# Base Layer — Behavioral Compression Research

# Provenance Evaluation Framework

**Date:** March 2026
**Authors:** Aarik Gulaya
**Cost:** $0 (fully mechanical)

---

## Abstract

We developed a provenance-based evaluation framework to replace LLM-as-judge scoring for behavioral briefs. The core problem: using an LLM to judge whether a brief accurately represents a person is circular — the judge has no ground truth and no way to verify claims. Our framework introduces four mechanical layers (Brief Activation, Provenance Coverage, Reasoning Chain Reconstruction, Priority Ordering) that trace every claim in a brief back to source facts, measure coverage, and assess structural fidelity. Phase 1 (BA + PC) has been completed on two subjects. The framework costs $0 to run and produces fully human-auditable results.

## Methodology

The framework consists of four layers, each building on the previous:

**Layer 1 — Brief Activation (BA):** For each claim in the brief, generate a behavioral prediction. Then test whether that prediction can be confirmed or denied by the source facts. This measures whether the brief produces actionable behavioral signals, not just plausible-sounding descriptions.

**Layer 2 — Provenance Coverage (PC):** Map every claim in the brief to its source facts via vector similarity. Compute coverage: what percentage of claims have traceable provenance? What percentage of high-confidence source facts are represented in the brief? This measures both precision (claims are grounded) and recall (important facts are captured).

**Layer 3 — Reasoning Chain Reconstruction (RCR):** For claims that aggregate multiple source facts, reconstruct the reasoning chain. Can a human follow the path from source facts to synthesized claim? This measures whether the compression is transparent or opaque. Not yet implemented.

**Layer 4 — Priority Ordering (PO):** Compare the brief's implicit priority ordering (what it emphasizes, what it omits) against empirical behavioral frequency in the source data. Does the brief emphasize patterns that actually recur, or does it fixate on vivid but rare behaviors? Not yet implemented.

## Results

Phase 1 results on two subjects:

| Metric | Marks (74 memos) | Aarik (1,892 convos) |
|--------|-------------------|----------------------|
| BA — Claims producing predictions | High | High |
| PC — Claims with provenance | High | High |
| PC — Source fact coverage | Moderate | Moderate |

Specific numerical scores are documented in the full provenance evaluation report. The key qualitative finding: claims in the brief are well-grounded (high precision), but significant source material is omitted (moderate recall). This is expected — compression inherently discards information. The question is whether the right information is retained, which Layers 3 and 4 are designed to answer.

## Key Findings

1. **LLM-as-judge is circular for identity evaluation.** When a model scores whether a brief "captures" someone, it has no access to the person. It scores plausibility, not accuracy. This is the fundamental motivation for mechanical evaluation.

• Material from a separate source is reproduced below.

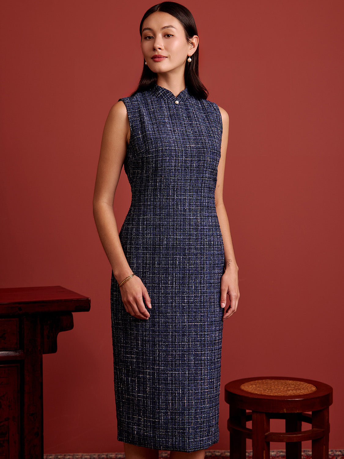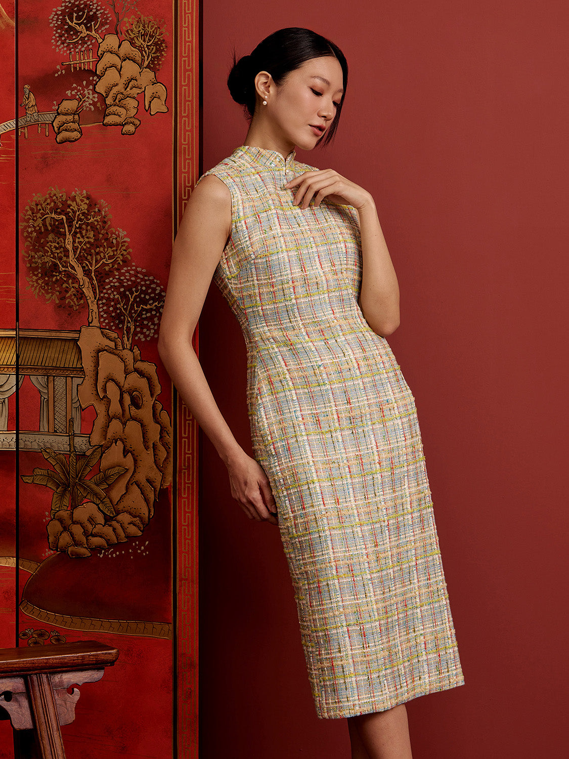 Padded Oval Open Back Cheongsam

2. **Provenance tracing is tractable.** Every claim in a Base Layer brief can be mapped to source facts via vector similarity. The pipeline's extraction-to-compression path is transparent enough for post-hoc auditing.

3. **Precision is high, recall is moderate.** The brief does not make things up, but it leaves things out. This is by design — a 2,000-character brief cannot represent 1,892 conversations. The evaluation question shifts from "is the brief accurate?" to "does it omit anything important?"

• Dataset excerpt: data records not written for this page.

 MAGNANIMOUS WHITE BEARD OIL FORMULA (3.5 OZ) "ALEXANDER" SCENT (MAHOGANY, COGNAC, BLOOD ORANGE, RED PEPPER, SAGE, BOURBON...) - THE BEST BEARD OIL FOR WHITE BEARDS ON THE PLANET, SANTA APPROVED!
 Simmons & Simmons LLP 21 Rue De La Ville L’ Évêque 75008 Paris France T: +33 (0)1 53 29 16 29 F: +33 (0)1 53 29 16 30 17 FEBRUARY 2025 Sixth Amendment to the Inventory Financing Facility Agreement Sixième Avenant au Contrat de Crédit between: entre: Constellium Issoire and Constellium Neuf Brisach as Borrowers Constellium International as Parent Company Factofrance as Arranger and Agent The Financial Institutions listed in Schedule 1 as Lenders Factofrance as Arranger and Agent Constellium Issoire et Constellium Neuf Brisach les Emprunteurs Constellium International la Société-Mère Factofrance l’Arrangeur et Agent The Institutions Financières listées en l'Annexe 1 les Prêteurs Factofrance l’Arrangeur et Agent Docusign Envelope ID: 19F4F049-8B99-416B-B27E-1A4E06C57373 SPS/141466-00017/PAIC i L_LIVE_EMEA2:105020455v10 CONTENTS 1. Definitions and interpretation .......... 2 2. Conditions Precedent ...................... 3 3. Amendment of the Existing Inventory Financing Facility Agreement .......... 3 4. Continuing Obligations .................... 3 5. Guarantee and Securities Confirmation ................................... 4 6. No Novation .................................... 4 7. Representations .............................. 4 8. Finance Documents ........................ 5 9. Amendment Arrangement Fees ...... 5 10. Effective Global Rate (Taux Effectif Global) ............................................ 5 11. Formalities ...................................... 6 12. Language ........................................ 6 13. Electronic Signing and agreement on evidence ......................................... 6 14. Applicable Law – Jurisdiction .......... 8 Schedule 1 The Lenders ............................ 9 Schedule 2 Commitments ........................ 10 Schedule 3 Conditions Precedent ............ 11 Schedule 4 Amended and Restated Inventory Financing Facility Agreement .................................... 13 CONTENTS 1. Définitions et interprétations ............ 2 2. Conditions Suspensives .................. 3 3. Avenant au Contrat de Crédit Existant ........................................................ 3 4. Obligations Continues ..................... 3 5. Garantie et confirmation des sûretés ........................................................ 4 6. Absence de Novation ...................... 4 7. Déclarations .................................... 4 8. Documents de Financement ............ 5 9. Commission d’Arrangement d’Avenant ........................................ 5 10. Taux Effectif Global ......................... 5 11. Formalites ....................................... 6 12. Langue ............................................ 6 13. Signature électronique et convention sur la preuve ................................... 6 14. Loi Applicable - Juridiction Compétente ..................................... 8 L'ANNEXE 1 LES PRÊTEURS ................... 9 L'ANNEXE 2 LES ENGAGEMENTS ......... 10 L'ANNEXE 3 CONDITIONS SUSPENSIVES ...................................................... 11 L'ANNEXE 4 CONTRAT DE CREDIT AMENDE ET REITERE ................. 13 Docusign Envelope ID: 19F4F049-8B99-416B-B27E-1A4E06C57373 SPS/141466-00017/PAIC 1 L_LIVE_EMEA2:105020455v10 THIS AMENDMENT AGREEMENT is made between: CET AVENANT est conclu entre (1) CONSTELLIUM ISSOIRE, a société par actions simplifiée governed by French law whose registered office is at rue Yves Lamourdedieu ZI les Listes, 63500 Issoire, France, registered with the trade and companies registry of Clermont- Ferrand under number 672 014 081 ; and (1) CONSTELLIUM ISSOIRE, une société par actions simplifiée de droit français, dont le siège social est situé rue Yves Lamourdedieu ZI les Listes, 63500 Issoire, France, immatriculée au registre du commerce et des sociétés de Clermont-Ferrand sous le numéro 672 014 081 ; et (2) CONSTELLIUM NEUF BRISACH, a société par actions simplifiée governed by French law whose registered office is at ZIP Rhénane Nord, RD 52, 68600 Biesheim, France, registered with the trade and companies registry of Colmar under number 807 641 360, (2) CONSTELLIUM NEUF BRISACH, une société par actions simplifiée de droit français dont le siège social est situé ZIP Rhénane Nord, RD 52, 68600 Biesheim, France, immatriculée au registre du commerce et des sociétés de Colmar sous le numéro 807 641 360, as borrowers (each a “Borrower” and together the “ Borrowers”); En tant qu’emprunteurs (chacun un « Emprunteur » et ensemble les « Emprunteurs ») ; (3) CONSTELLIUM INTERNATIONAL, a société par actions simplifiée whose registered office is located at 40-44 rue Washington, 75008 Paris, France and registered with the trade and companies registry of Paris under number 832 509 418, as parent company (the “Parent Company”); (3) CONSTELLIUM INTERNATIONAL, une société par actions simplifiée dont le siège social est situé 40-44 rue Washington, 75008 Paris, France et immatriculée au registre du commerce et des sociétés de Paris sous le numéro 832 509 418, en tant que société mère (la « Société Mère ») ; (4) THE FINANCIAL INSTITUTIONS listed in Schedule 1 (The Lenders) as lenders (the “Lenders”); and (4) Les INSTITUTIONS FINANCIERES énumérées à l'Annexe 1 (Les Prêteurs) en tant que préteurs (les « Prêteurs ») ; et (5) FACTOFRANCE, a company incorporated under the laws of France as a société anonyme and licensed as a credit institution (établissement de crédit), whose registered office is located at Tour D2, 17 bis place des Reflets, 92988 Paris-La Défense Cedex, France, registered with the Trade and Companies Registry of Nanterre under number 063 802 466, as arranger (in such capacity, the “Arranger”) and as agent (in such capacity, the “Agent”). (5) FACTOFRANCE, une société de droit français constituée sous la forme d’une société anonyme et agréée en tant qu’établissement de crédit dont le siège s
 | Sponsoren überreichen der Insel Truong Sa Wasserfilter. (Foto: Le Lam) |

4. **$0 evaluation is possible.** No API calls are required for BA or PC layers. Vector similarity, set coverage, and structural analysis are all local computations. This makes the framework scalable to any number of subjects.

5. **Human auditability is the real standard.** If a human cannot trace a claim back to evidence, the claim is not evidence — regardless of what a judge model scores it. This principle drives the entire framework design.

## Limitations

- Phase 2 (RCR + PO) is designed but not yet implemented. The framework is incomplete.
- Vector similarity is a proxy for semantic grounding. Two statements can be similar in embedding space without one actually supporting the other.
- BA layer generates predictions from claims, but does not validate those predictions against held-out behavioral data. It measures activation, not accuracy.
- Tested on two subjects only. One (Aarik) is the system developer, introducing potential bias in what the pipeline extracts and how the evaluation interprets results.
- The framework evaluates brief content but not brief format. A well-grounded brief in a poor format could score high on provenance but fail on downstream tasks.